Then again maybe it’s the perfect ending for Better Call Saul. It turns out Jimmy and Kim pulled their biggest, most successful long con on the audience.
Apparently I’m one of the few fans that agree with you, they all loved the ending, as you wish, Jimmy is ok but in jail where he belongs and kim will follow her passion. I didn’t buy it, jimmy would never sacrifice himself like that, what in both shows ever showed that, it was a mental deus machina. Jimmy should have gone for the border (as the car intro alluded) and either gotten protection from or double crossed by the cartel and and blown away for clean up, the end.

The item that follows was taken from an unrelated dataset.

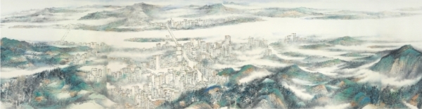 湖南的山水,既有奇秀风光,又有深厚文化底蕴;既有历史赋予湖南的人文情怀,又有人民安居乐业的美好景象。“大美潇湘”大型系列中国山水画创作工程,组织湖南老中青三代70余位优秀山水画家,通过考察、写生、创作,推出了《湘江北去》《大江交响》《天下洞庭》《资润江山》《沅水奔流韵三湘》《澧水泱泱》《多彩浏阳河》7幅大型系列青绿山水长卷以及37件单幅美术作品。作品展现了湖南“一江一湖三山四水”的恢宏气象,突破“潇湘山水”这一传统美学意象,引现代城市建筑群、水利交通设施、新时代乡村、革命伟人故居、代表性文化景观等入画,展现出一方文化热土、革命热土上人类顺应自然规律的智慧创造,绘就一幅人与自然和谐共生的现代画卷。
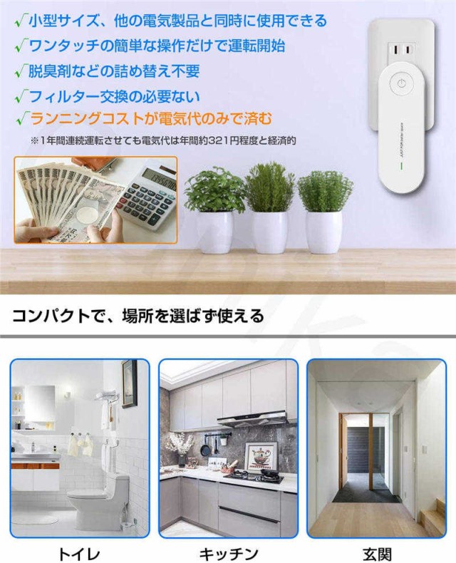 【2021最新型】 マイナスイオン 脱臭機 小型 コンセント式 2枚セット 操作簡単 空気清浄機 人体無害 ペット 部屋 トイレ タバコ 強力 消

A show with the best writing in his deserved a jarring, real ending.
The producers certainly did go for the fan friendly easy out. I agree with your preferred scenario Jimmy should have made and succeeded in a run to the border where he would face the cartel, falter when the confrontation came, and be dumped by the cartel to bleed out under the noise and neon of a Tijuana street. It would be totally in character and fitting with the mood of the series at its best. Ideally, as he passed from this life the ever needy Jimmy, desperate for any warmth, reached out to a cowering bony feral dog and it bites him. Meanwhile, Kim at her day job in Florida would see the news on her cell phone feed, stub out a cigarette and go on with her day.